▶ **TASK TO CARRY OUT**
Could you give the data below again exactly, apart from the pictures?

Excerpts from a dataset
- - - -

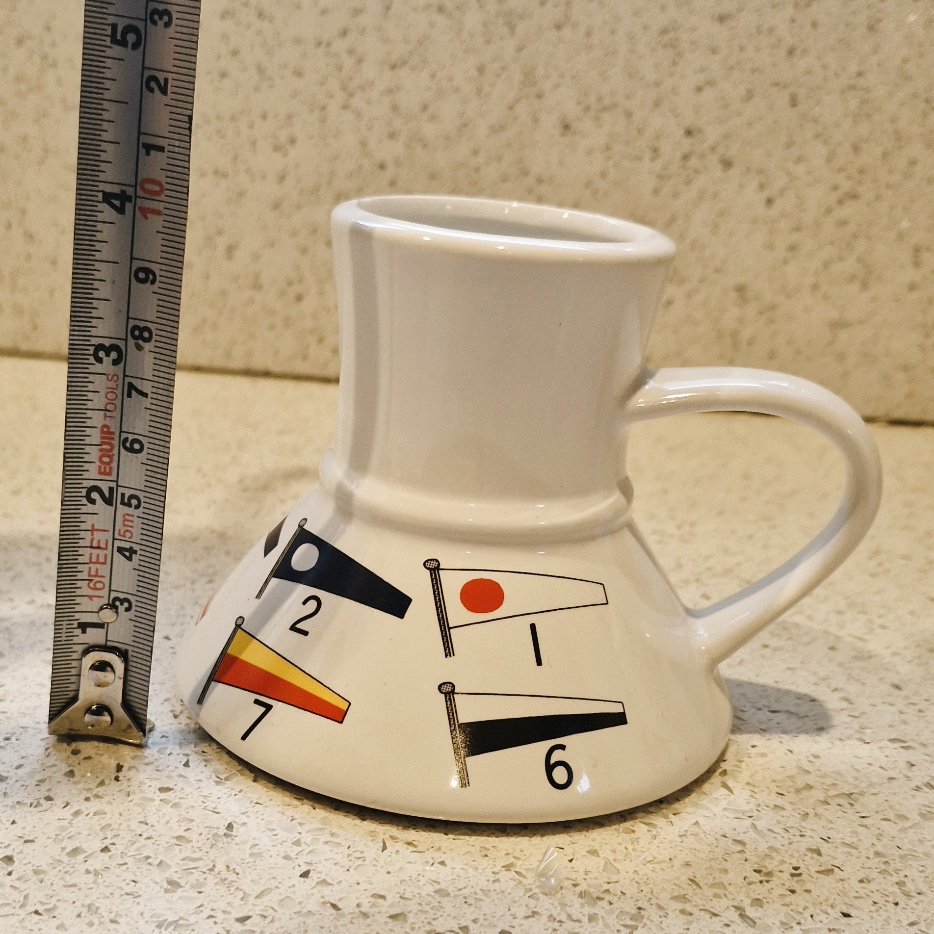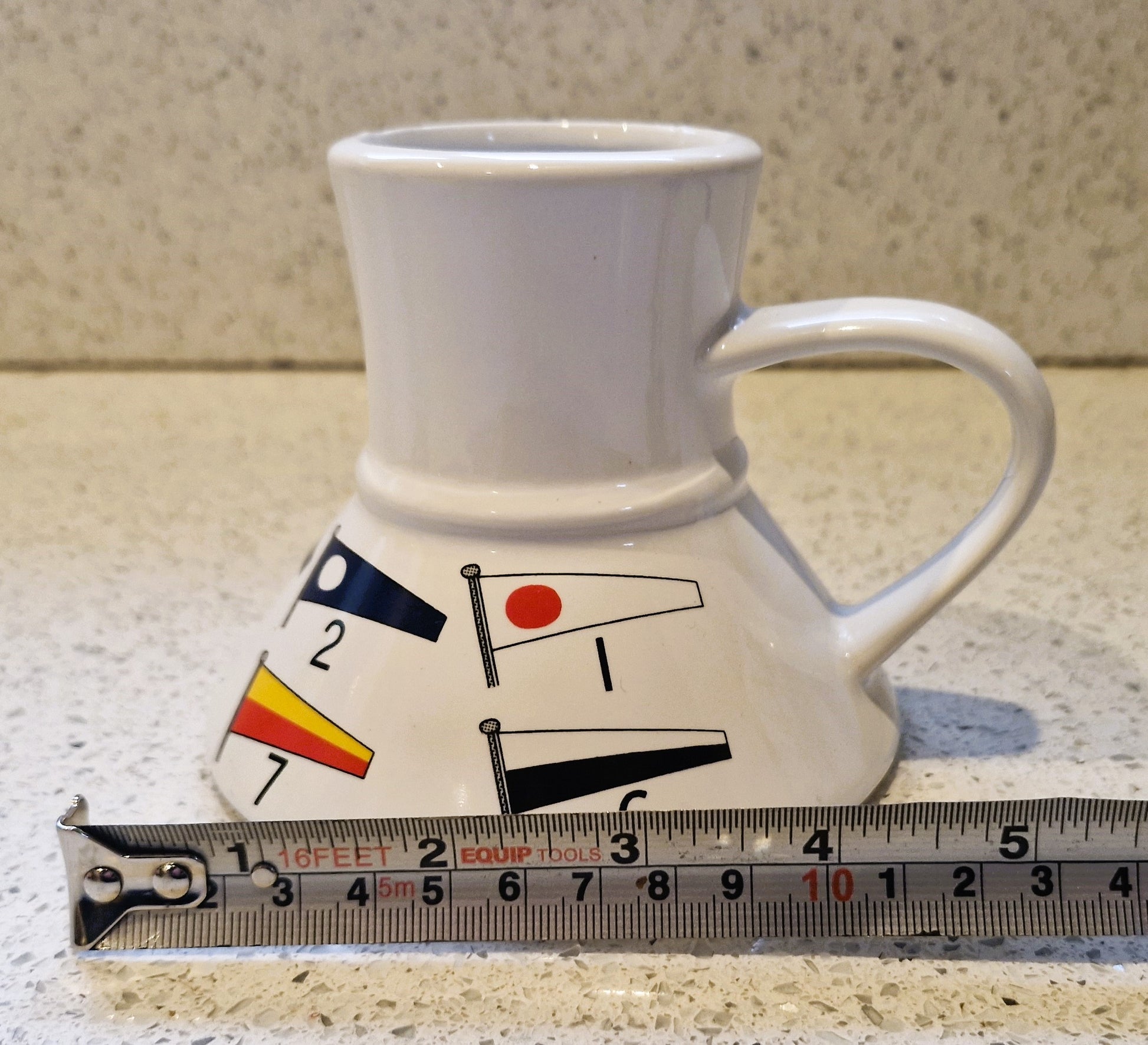 Fabulous Sailing / Yachting mug with no slip base and no spill shape, IMMACULATE condition and with great flags design
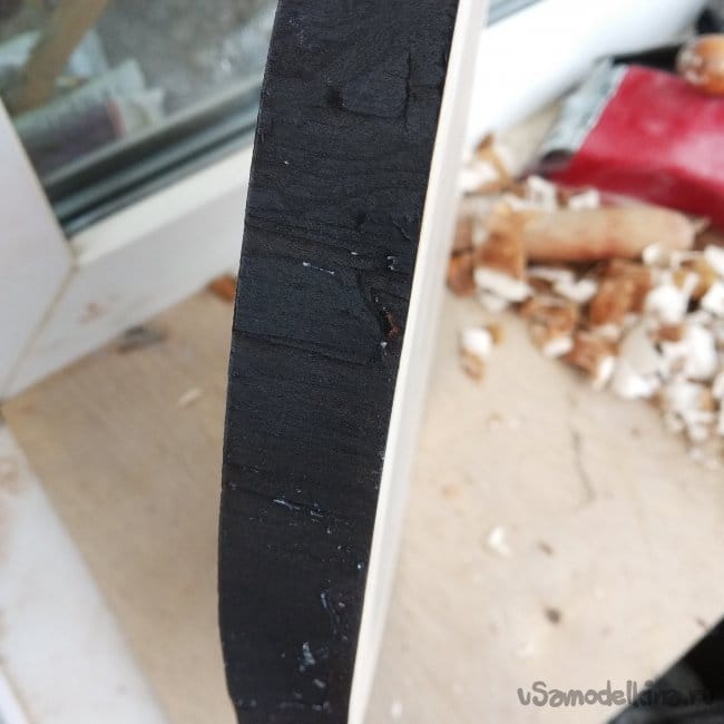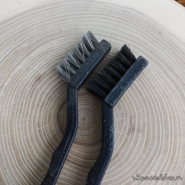 В идеале тут применить щетку для браширования дерева, но и такие щетки справились. Далее я затер края шлифовальными губками.
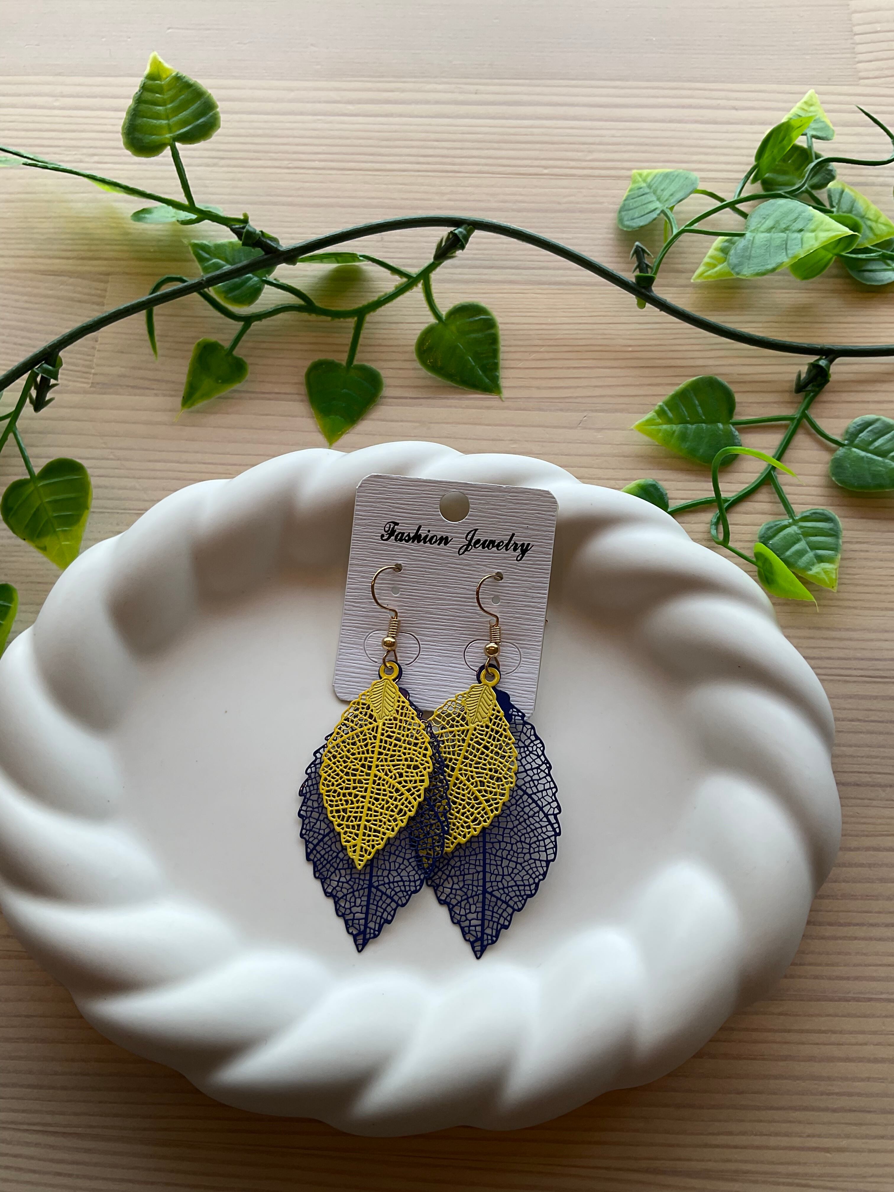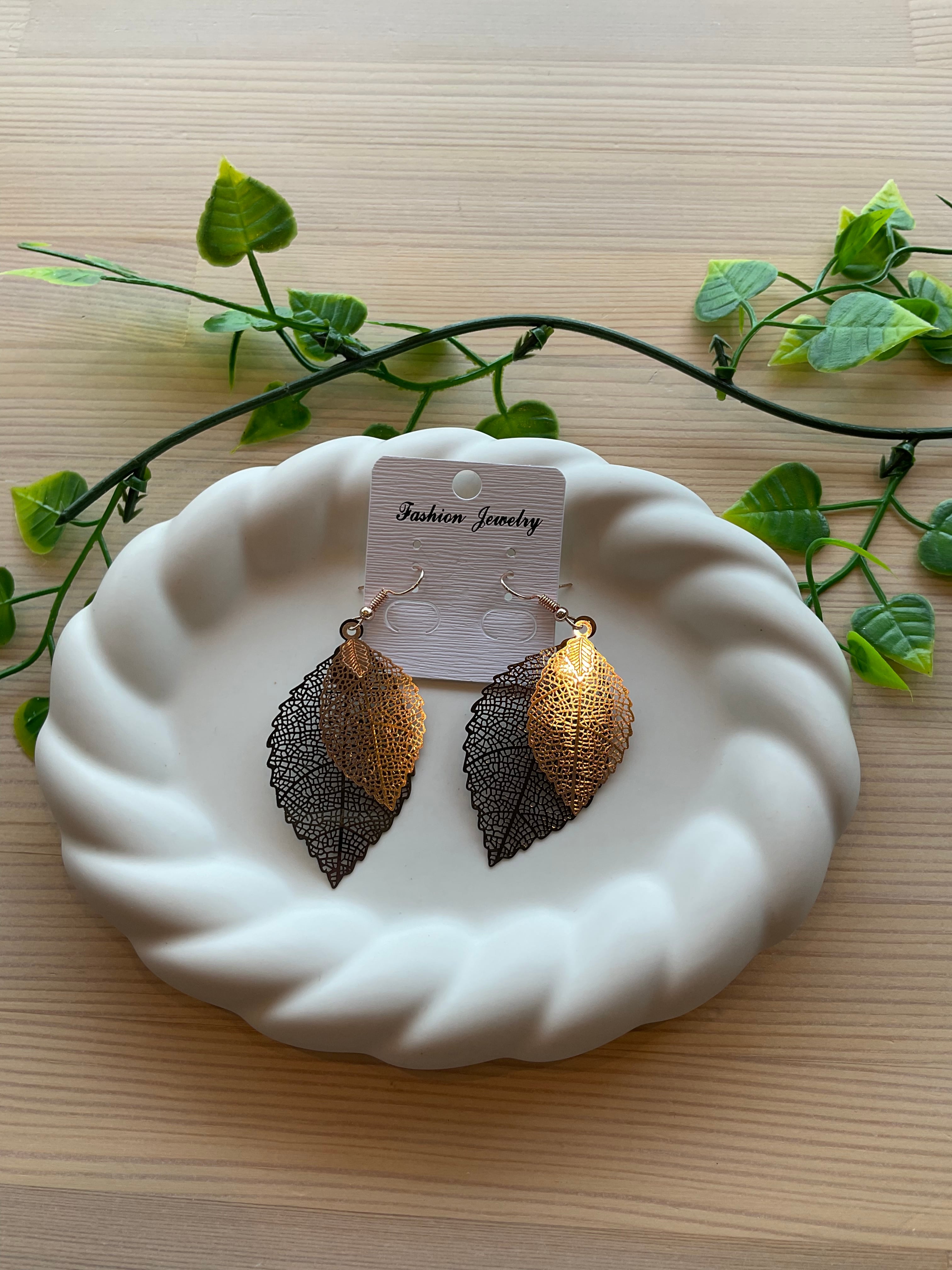 大きさや色が異なる葉っぱが合わさったピアスです。
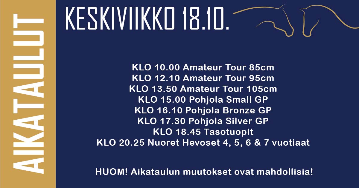 Keskiviikon aikatauluHUOM! Aikataulut ovat alustavia ja ajantasaisesti päivittyvät luokka-aikataulut löytyvät Longines Timingista
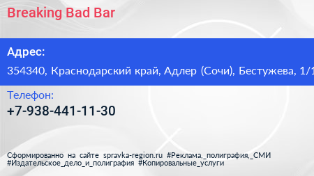 Breaking Bad Bar по адресу 354340, Краснодарский край, Адлер (Сочи), Бестужева, 1/1 в дальнейшем Организация, размещена в следующих категориях:

- - - -

▶ **RESPONSE TO THIS EXERCISE**
 Fabulous Sailing / Yachting mug with no slip base and no spill shape, IMMACULATE condition and with great flags design
 В идеале тут применить щетку для браширования дерева, но и такие щетки справились. Далее я затер края шлифовальными губками.
 大きさや色が異なる葉っぱが合わさったピアスです。
 Keskiviikon aikatauluHUOM! Aikataulut ovat alustavia ja ajantasaisesti päivittyvät luokka-aikataulut löytyvät Longines Timingista
 Breaking Bad Bar по адресу 354340, Краснодарский край, Адлер (Сочи), Бестужева, 1/1 в дальнейшем Организация, размещена в следующих категориях:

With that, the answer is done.